Крымская война, к примеру, дала нам «Севастопольские рассказы» Льва Толстого — свидетельства очевидца о будничности кошмара и подвига. Революция 1917 года породила талантливых юношей — Шолохова, Гайдара, Платонова, а писатели, к тому времени уже известные, окрепли и закалились: Алексей Толстой, Серафимович, Грин…

Великая Отечественная война дала нам колоссальный пласт фронтовой литературы. Суть этого появления сформулировал Вадим Кожинов: «Преобладающая часть военных стихотворений написана не столько о войне, сколько войною». Поколение фронтовых поэтов: Твардовский, Слуцкий, Самойлов… Фронтовая проза: Виктор Некрасов, Бондарев, Воробьев… То же самое касается и кино.

Большое искусство рождалось в России на стыках и сдвигах тектонических плит истории. Трудные времена заставляли художников осмысливать происходящее и давать образы будущего. И вот тут мы подходим к актуальному вопросу: возможно ли это сейчас? Способна ли современная русская, а правильнее сказать — российская культура дать новые смыслы? Или поэзия уже невозможна, но не по причине моральных терзаний, а в силу творческой импотенции?

То, что произошло с русской литературой после 1991 года, — катастрофа! Да, процессы гниения начались еще до развала СССР, но в 90-х они стали очевидны. Из национального достояния литература стала предметом рынка, и нам постарались внушить, согласно логике Ролана Барта, что все мнения, как и тексты, равноценны. Лучший же, согласно законам рынка, выбирает конечный потребитель — читатель.

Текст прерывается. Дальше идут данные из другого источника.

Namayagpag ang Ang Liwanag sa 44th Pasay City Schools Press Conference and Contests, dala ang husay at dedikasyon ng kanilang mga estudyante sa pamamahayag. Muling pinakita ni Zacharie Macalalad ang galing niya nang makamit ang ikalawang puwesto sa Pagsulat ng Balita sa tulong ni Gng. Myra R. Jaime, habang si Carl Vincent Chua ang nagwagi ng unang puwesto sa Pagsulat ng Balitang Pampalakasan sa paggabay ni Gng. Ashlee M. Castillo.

Но это была ложь, потому что во главе так называемого литературного процесса стала свора менеджеров и продюсеров, начавшая определять значимость того или иного текста. Литература стала жить по законам шоу-бизнеса — только с куда меньшим размахом. И те, кто еще недавно был литературной обслугой, стали кураторами культурных процессов. Как в песне Кобейна: «Служить слугам?.. О, нет!»

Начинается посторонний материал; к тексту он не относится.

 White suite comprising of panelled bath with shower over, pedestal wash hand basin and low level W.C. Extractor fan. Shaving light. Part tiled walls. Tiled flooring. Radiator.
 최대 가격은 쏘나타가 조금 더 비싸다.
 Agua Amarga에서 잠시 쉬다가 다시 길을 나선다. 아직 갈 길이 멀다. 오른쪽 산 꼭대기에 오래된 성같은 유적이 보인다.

Однако многим служить пришлось, потому что начался неестественный отбор. Так в первый ряд выдвинулись имитаторы от литературы. Почти всех их объединили, скажу просто, нелюбовь к русскому, осмеяние всего и вся, вопли «так жить нельзя» и деконструкция любых смыслов. Мы получили так называемую «премиальную литературу». И дело даже не в извечном — насколько условном, настолько и глупом — разделении на «патриотов» и «либералов», хотя первых откровенно оттеснили от ведущих ролей — намеренно, зло, — а в том, что была подменена сама суть русской литературы. Все стало предельно узконаправленно и тенденциозно. Традиции русской литературы, связанные в первую очередь с богоискательством, были отброшены, а новые писатели принялись переписывать западных коллег, которые ранее, наоборот, учились у русских классиков.

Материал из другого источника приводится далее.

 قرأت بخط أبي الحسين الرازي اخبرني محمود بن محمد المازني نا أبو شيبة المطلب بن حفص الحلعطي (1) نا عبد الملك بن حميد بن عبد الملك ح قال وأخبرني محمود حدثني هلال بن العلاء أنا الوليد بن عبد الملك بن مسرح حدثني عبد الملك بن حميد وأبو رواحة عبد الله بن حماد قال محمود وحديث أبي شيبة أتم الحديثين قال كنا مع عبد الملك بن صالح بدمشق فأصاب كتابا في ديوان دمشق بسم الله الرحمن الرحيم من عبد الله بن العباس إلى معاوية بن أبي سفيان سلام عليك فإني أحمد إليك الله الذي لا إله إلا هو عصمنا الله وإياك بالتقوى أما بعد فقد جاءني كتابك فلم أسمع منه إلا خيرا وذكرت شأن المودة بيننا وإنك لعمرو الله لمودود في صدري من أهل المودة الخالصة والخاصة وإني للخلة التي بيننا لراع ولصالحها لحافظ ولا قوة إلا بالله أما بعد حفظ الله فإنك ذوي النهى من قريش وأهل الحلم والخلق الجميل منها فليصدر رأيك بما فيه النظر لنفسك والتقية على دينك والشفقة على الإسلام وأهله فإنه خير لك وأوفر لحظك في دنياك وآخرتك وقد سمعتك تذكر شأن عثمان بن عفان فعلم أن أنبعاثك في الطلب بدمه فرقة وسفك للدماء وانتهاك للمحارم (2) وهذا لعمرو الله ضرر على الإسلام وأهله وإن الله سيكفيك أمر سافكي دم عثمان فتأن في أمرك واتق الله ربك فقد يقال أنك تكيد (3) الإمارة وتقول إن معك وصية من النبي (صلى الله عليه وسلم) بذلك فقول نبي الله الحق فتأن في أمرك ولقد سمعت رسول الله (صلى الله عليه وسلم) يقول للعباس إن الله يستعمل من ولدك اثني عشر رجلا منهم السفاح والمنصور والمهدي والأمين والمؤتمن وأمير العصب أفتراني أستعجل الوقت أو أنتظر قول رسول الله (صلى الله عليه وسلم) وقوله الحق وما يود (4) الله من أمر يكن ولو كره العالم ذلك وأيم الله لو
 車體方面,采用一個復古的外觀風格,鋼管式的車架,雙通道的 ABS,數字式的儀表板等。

Да, когда-то Пушкин черпал у Байрона, но он органично переосмысливал это в русской традиции. Тот же Тургенев служил проводником между Западом и Россией. Новая же российская литература — ее мейнстримная часть — пошла по пути бесстыдного подражательства, оттого со временем логично была вытеснена литературой переводной. Неудивительно! Слишком долго читателя пытались обмануть, подсовывая ему то «национальный бестселлер», то «большую книгу», на деле оказывавшиеся пустышками.

Аналогичная история произошла и с кино. С той разницей, что кинематограф получил куда больше денег, нежели литература. И тому есть объяснение. Новые властители уже не видели в литературе фактора влияния. Прошли те времена, когда Николай I изучал рукопись «Графа Нулина», а Сталин писал на тексте Платонова: «сволочь». Власть отдала культуру на откуп менеджерам, которые стали сами определять, что стоит внимания, а что нет.

Кто эти люди? Так называемые эффективные менеджеры и менеджерки, редакторы и редакторки, которых воротит от самой мысли о патриотизме, от всего русского, и особенно — от героического русского. Их отличительная черта: они не ведают своего народа, более того, сознательно отделяют себя от него.

Они бы лучше провели какой-нибудь модный сейшн, на котором собирали бы донаты в пользу геев из Бронкса, а вынуждены заниматься Россией и, страшно сказать, патриотизмом. Хотя их воротит, к примеру, от таких слов, как «подвиг», «Сталинград», «Великая Отечественная»… Но что делать? Надо терпеть. Ведь синекура в культурке позволяет жрать сытно — вот они и терпят. Их пластмассовый мир победил, как пел Летов.

По сути, в жизнь воплотилась антиутопия, когда общество, в соответствии с пророчеством Хаксли, стало управляться армией менеджеров и администраторов, а героями нового дивного мира оказались так называемые селебрити и интеллектуалы, продвигающие идеи этого дивного нового мира. Всех их отличают характерная вторичность и близость к кормушке, которая охраняется лучше, чем нефтяные вышки. Если их и интересует культура, то исключительно как бизнес.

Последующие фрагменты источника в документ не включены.